Title Holidays in lights: Tracking cultural patterns in demand for energy services: TRACKING CULTURAL PATTERNS IN DEMAND FOR ENERGY SERVICES Type Journal Article
Year 2015 Publication (up) Earth's Future Abbreviated Journal Earth's Future
Volume 3 Issue 6 Pages 182-205
Keywords remote sensing, energy, lighting, society
Abstract Successful climate change mitigation will involve not only technological innovation, but also innovation in how we understand the societal and individual behaviors that shape the demand for energy services. Traditionally, individual energy behaviors have been described as a function of utility optimization and behavioral economics, with price restructuring as the dominant policy lever. Previous research at the macro-level has identified economic activity, power generation and technology, and economic role as significant factors that shape energy use. However, most demand models lack basic contextual information on how dominant social phenomenon, the changing demographics of cities, and the sociocultural setting within which people operate, affect energy decisions and use patterns. Here we use high-quality Suomi-NPP VIIRS nighttime environmental products to: (1) observe aggregate human behavior through variations in energy service demand patterns during the Christmas and New Year's season and the Holy Month of Ramadan and (2) demonstrate that patterns in energy behaviors closely track sociocultural boundaries at the country, city, and district level.
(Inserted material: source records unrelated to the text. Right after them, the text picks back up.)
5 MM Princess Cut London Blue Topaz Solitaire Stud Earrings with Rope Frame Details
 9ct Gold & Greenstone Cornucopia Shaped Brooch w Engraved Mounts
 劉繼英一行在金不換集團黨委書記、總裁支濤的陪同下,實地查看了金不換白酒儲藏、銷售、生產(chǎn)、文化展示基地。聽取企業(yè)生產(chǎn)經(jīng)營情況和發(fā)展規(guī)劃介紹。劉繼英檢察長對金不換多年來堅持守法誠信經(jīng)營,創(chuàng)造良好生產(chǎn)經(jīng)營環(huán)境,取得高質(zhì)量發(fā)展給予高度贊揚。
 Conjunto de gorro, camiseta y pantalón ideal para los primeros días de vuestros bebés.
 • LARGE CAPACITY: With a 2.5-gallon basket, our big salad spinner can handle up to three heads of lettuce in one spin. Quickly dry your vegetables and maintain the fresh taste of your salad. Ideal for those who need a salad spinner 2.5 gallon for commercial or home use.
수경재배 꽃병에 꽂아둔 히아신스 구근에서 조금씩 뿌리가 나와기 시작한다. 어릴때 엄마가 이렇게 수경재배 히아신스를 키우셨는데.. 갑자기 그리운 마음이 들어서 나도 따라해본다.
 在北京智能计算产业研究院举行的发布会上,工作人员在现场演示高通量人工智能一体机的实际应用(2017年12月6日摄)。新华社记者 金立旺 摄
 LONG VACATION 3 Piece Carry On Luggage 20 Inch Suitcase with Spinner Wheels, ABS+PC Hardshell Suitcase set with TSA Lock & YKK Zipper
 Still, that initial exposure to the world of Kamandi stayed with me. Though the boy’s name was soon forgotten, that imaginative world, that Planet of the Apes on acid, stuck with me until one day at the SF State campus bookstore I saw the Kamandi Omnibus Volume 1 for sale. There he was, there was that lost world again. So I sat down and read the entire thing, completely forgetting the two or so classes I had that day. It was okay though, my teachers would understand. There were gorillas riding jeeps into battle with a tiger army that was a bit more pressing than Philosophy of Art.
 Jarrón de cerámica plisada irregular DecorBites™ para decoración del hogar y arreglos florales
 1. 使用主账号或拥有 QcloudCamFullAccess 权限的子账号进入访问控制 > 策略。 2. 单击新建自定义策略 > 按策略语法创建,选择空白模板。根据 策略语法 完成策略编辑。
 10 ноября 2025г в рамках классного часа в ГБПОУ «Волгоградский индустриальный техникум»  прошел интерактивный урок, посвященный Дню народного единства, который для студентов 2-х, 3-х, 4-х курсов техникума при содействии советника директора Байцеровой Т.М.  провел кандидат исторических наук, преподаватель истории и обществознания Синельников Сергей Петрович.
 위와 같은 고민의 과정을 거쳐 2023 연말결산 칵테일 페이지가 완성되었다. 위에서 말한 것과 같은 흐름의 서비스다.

These findings indicate that energy decision making and demand is a sociocultural process as well as an economic process, often involving a combination of individual price-based incentives and societal-level factors. While nighttime satellite imagery has been used to map regional energy infrastructure distribution, tracking daily dynamic lighting demand at three major scales of urbanization is novel. This methodology can enrich research on the relative importance of drivers of energy demand and conservation behaviors at fine scales. Our initial results demonstrate the importance of seating energy demand frameworks in a social context.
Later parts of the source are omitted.